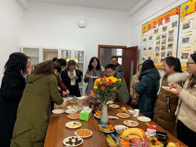 随后,教师们也带来了自己的拿手作品,带着各式各样的自制美食到明净楼317一起分享,大家兴致勃勃地交流各自对美食的热爱。美食活动让忙碌工作的教师们有了小憩的机会,在诱人的美食面前,大家闲适地坐下来,可以品品美食、闻闻茶香、可以畅谈人生、工作和家庭,也可以分享喜悦、分担忧愁。活动结束后,大家带着对下一次美食的期盼而意犹未尽。
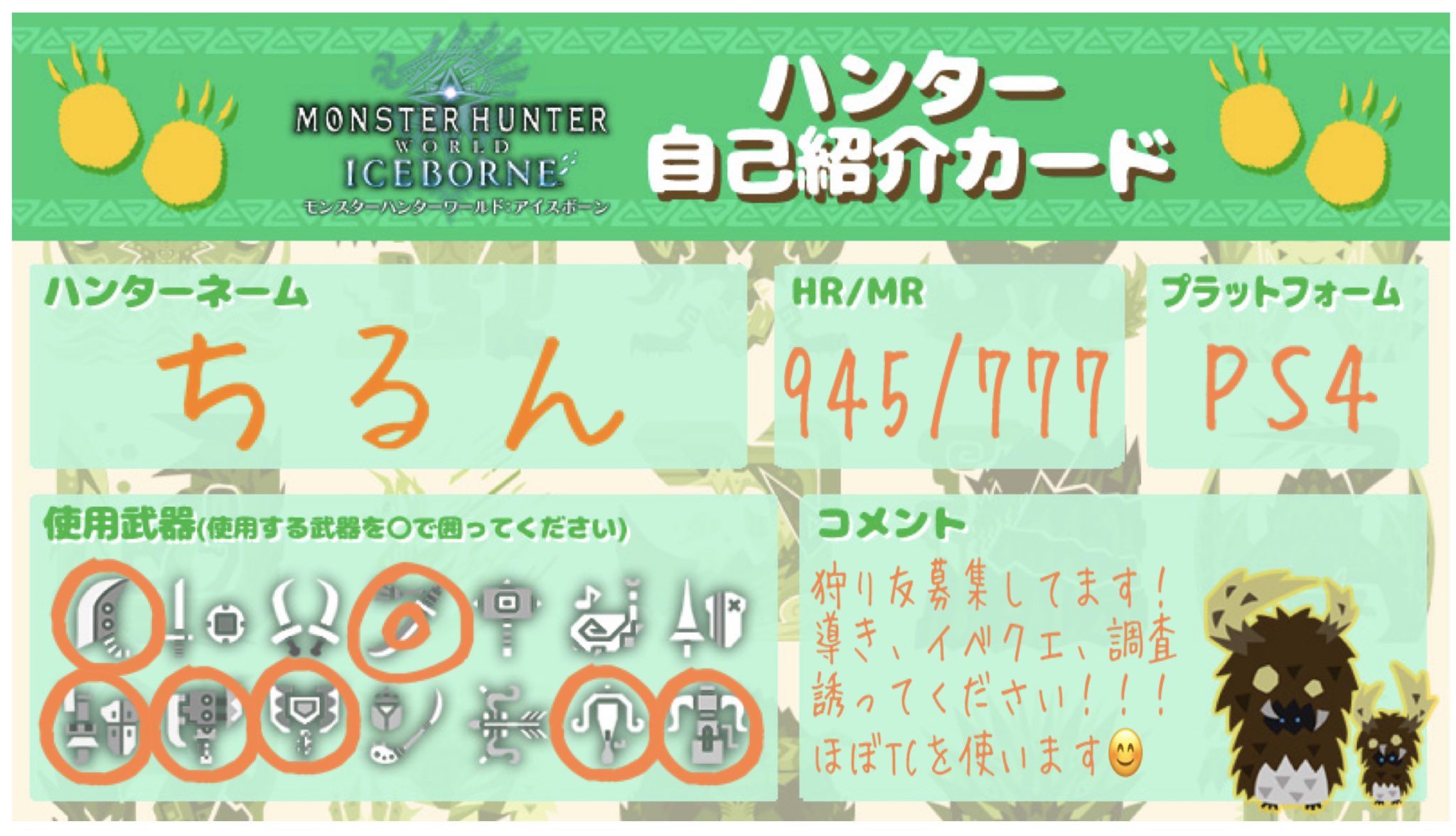 ちるん V4 ミリア1 On Twitter Mr777記念に更新 ᐛ و 次はhrカンストの時更新かな あとどこかサークル拾って 笑 Tcor聞き専でいい所で Rtお願いします モンハン募集 Mhwi Mhwib Mhwibフレンド募集 Mhwibサークル募集 Mhwib自己紹介カード
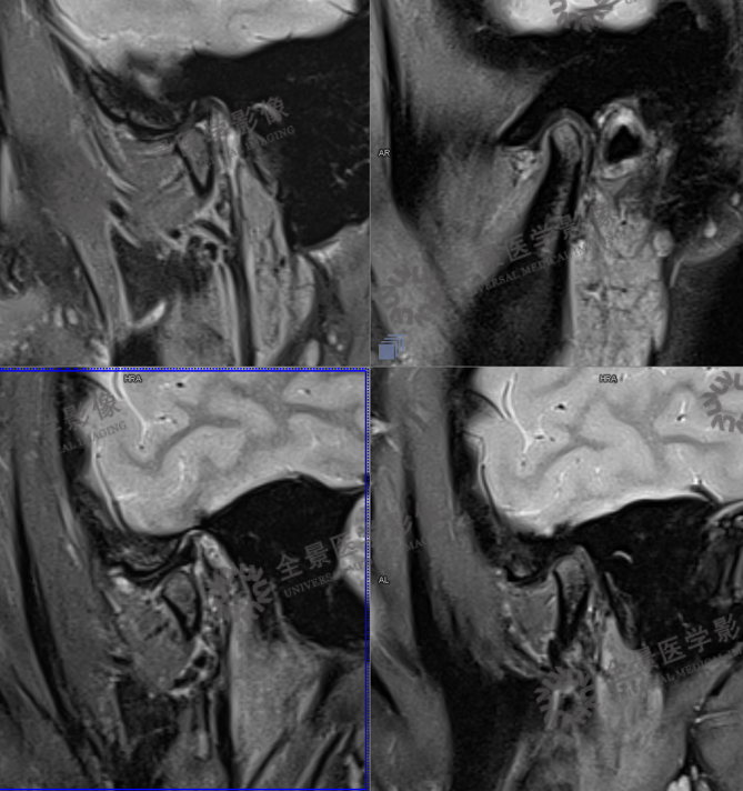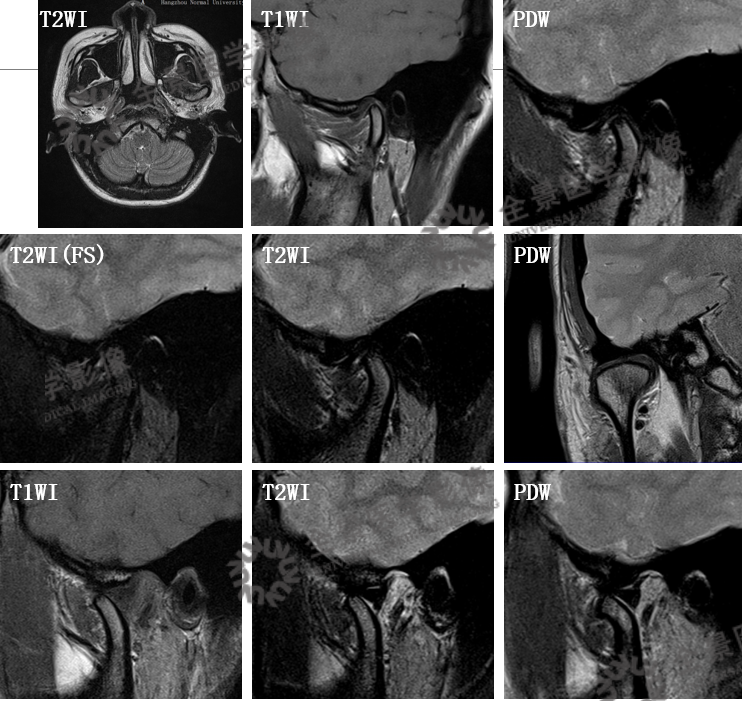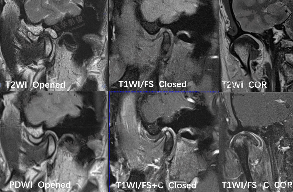 MRI:可清楚、全面地反映关节结构及附件组织的变化。MR动态电影能够很好地显示关节盘、髁状突的运动情况
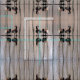 Este tecido animal apresenta um padrão geométrico de abstrato de gansos do Canadá migrantes sentados em um tronco superficial. As marcas marrom, preto e branco refletem-se na água. As ondulações azuis pálidas criam um fascinante design vertical de troncos de árvores refletidos.
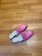 Акцентные розовые сабо из шевро. Комфорт стоп обеспечивают кожаная подкладка и стелька, выполненная из нежной кожи шевро. Гибкая подошва из тунита гарантирует оптимальную поддержку. Пара отлично впишется в образы с брючными костюмами, воздушными платьями и юбками.
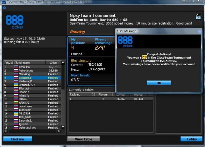 пропив кэшаут из 888 до последнего цента наотмечавшись вдоволь, вернулся в воскр. на (хоть и не "кило") поле битвы. Однако 2-3 дня не то что бы без игры, но даже - без мыслей о покере - дают о себе знать: увидев в "секретном" туре "утку"
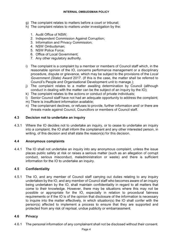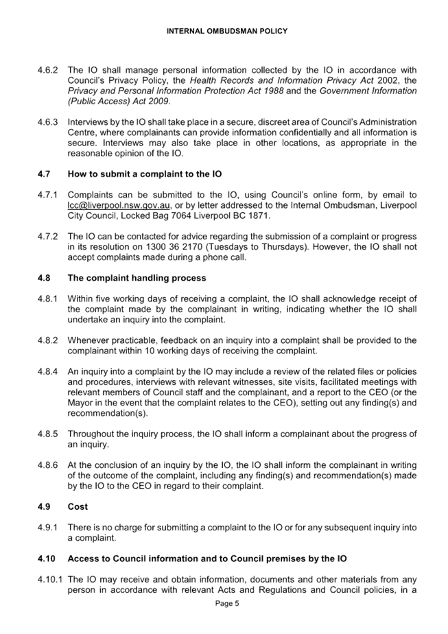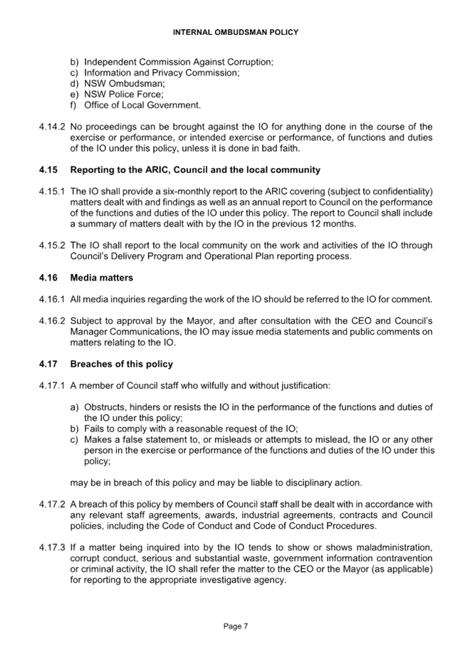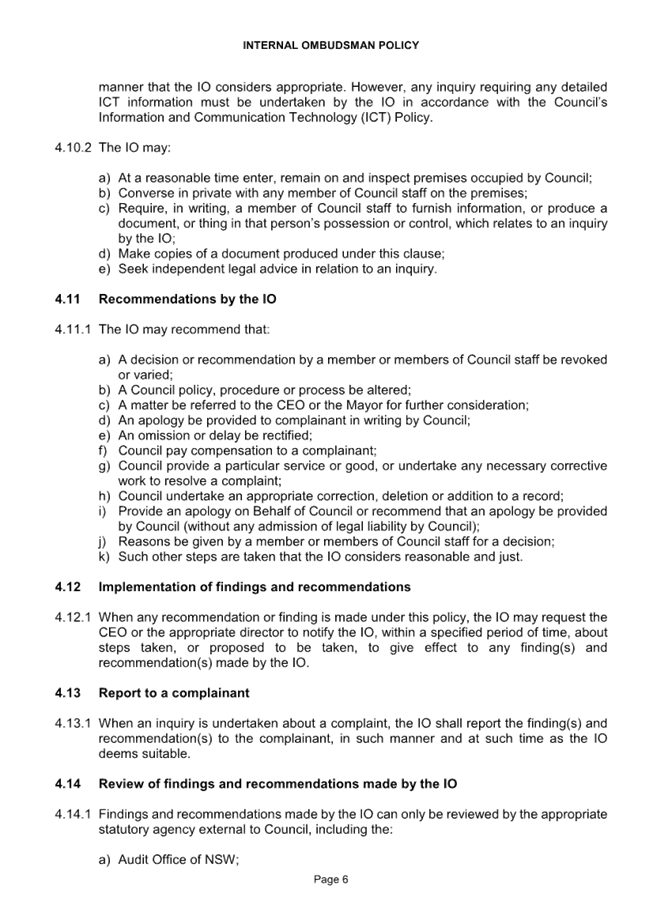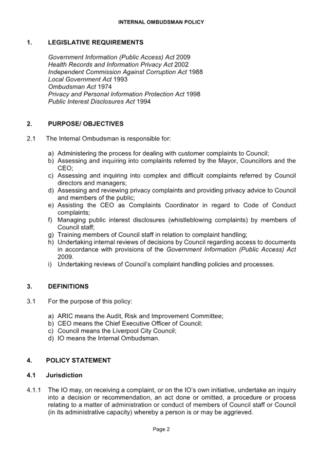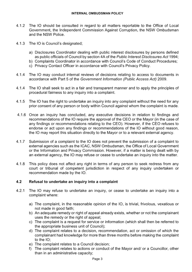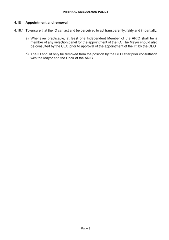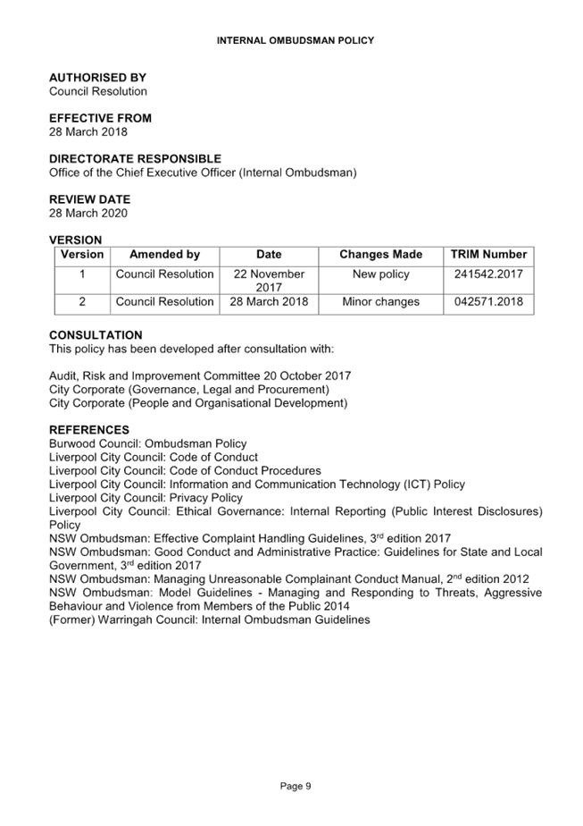 CORP 01        Revoking of Internal Ombudsman Policy..................................................... 221....... 10
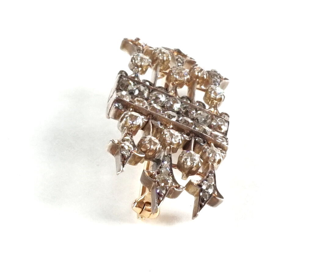 Broche rectangulaire ajourée en or jaune 18K (750/oo) et argent (800/oo), à décor de motifs de fers de lance, entièrement sertie de diamants taille ancienne et taille rose, L. 4.7 cm (remontage et restauration, probablement 2 clips de revers de veste assemblés, un diamant desserti mais présent). Poids brut : 12.4 g environ.
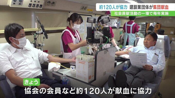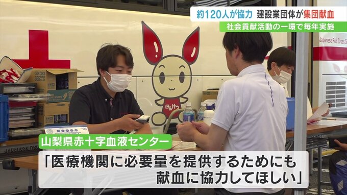 献血協力者が減少する中、建設業の団体が甲府市で集団献血を行い、100人を超える人たちが献血に協力しました。

-------------------------

• Directions for this task:
Output the records above character for character, but leave each image out.

• Solution:
 随后,教师们也带来了自己的拿手作品,带着各式各样的自制美食到明净楼317一起分享,大家兴致勃勃地交流各自对美食的热爱。美食活动让忙碌工作的教师们有了小憩的机会,在诱人的美食面前,大家闲适地坐下来,可以品品美食、闻闻茶香、可以畅谈人生、工作和家庭,也可以分享喜悦、分担忧愁。活动结束后,大家带着对下一次美食的期盼而意犹未尽。
 ちるん V4 ミリア1 On Twitter Mr777記念に更新 ᐛ و 次はhrカンストの時更新かな あとどこかサークル拾って 笑 Tcor聞き専でいい所で Rtお願いします モンハン募集 Mhwi Mhwib Mhwibフレンド募集 Mhwibサークル募集 Mhwib自己紹介カード
 MRI:可清楚、全面地反映关节结构及附件组织的变化。MR动态电影能够很好地显示关节盘、髁状突的运动情况
 Este tecido animal apresenta um padrão geométrico de abstrato de gansos do Canadá migrantes sentados em um tronco superficial. As marcas marrom, preto e branco refletem-se na água. As ondulações azuis pálidas criam um fascinante design vertical de troncos de árvores refletidos.
 Акцентные розовые сабо из шевро. Комфорт стоп обеспечивают кожаная подкладка и стелька, выполненная из нежной кожи шевро. Гибкая подошва из тунита гарантирует оптимальную поддержку. Пара отлично впишется в образы с брючными костюмами, воздушными платьями и юбками.
 пропив кэшаут из 888 до последнего цента наотмечавшись вдоволь, вернулся в воскр. на (хоть и не "кило") поле битвы. Однако 2-3 дня не то что бы без игры, но даже - без мыслей о покере - дают о себе знать: увидев в "секретном" туре "утку"
 CORP 01        Revoking of Internal Ombudsman Policy..................................................... 221....... 10
 Broche rectangulaire ajourée en or jaune 18K (750/oo) et argent (800/oo), à décor de motifs de fers de lance, entièrement sertie de diamants taille ancienne et taille rose, L. 4.7 cm (remontage et restauration, probablement 2 clips de revers de veste assemblés, un diamant desserti mais présent). Poids brut : 12.4 g environ.
 献血協力者が減少する中、建設業の団体が甲府市で集団献血を行い、100人を超える人たちが献血に協力しました。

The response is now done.